Ashurbeyli is understood to have invested around $US12 million of his own money into the project to date, while another $US2 million has been paid in by members of the public.
At present, Asgardia has three tiers of members: “followers”, “residents”, and “citizens.”
According to Opik, more than a million followers have already signed up for free worldwide, while another 300,000 are paying an annual €100 ($US110) residency fee. This weekend, he and his colleagues in the Asgardian parliament will debate how much to charge for citizenship (i.e. those eligible to live on Asgardia when it is launched).
“We are planning for the long-term,” he said. “So we’ve got to make sure we get everything absolutely right.”
Opik added that he doesn’t plan to permanently reside in Asgardia himself, should it come into being, though he would visit.
“I’d rather be a day-tripper than a homesteader,” he said. “My job is to help the settlement of space but probably not settle there myself.”
In 2017, the kingdom sent its first satellite into Earth’s orbit, making it, in its own words, “the first nation to have all of its territory in space”.
The tiny satellite, Asgardia-1, is currently floating around Earth and about the size of a loaf of bread. It contains a 512GB hard drive loaded with “the nation’s constitutions, national symbols, and the personally-selected data of the Asgardian citizenship”.
Under the rules of the United Nations, Asgardia could technically qualify for recognition as a state, as more than 100,000 people look set to apply for citizenship. But it’s unlikely it will be acknowledged as a sovereign nation any time soon.
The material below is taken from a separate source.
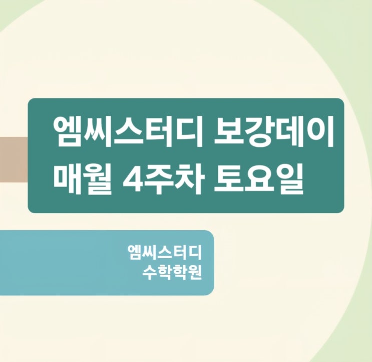 엠씨스터디 보강수업은 어떻게 진행되나요? 학생 개인 사유에 의한 보강은 매월 4주차 토요일에 상시 운영합니다. 질병, 여행, 가족 행사 등등 개인사유로 결석을 하면 아래와 같이 안내드립니다. 오늘 빠진 수업은 초등부 보강데이에 진행하겠습니다! (매월 4주차 토요일 상시 운영) 3월 보강데이 일정 안내 : 3/28 토요일 11시 - 2시 운영. 스케쥴 미리 챙겨 주세요! 한달동안 결석한 초등 친구들은 4주차 토요일 보강데이에 수업을 오면 됩니다. 보강수업은 데일리 테스트 진행하지 않습니다. 숙제는 가지고 오지 않아도 됩니다. 정규수업의 80~100%진행합니다. 보강에 재보강은 없습니다. 아래 사진은 지난 2월 보강데이 교실입니다. 보강데....... <img src="https://blogthumb.pstatic.net/MjAyNjAzMDlfMjQg/MDAxNzczMDY3MTYwNzcy.E4q2GDZkrrLw1LO9xFx5EQB3uM_c_iMLm0CT3BkLVfgg.zDuh-xeCYiiI4oED2sxkTEC3ShYllvF3y3cE7RLXU8Eg.JPEG/900%A3%DF1768019969545.jpg?type=s3" />

Business Insider previously contacted the United Nations Office for Outer Space Affairs (UNOOSA) to clarify whether current space law would permit the existence of a nation or territory in space. They directed us to the text of five UN treaties that govern activities in space.
Article II of the first and most important part of that legal framework, called the Outer Space Treaty, prohibits “national appropriation” of anything in outer space “by claim of sovereignty, by means of use or occupation, or by any other means”.
But Opik remains optimistic despite the opposition, telling us the project has “taken up so much of [his] life”. Once established, he insists Asgardia will take a neutral stance on all Earthly matters. “We will not interfere in Earthly matters, and we hope they would not interfere in ours… We want what any sovereign nation wants: recognition.”
Blue Origin, Jeff Bezos’ space company, declined to comment.
Elon Musk did not respond to a request for comment.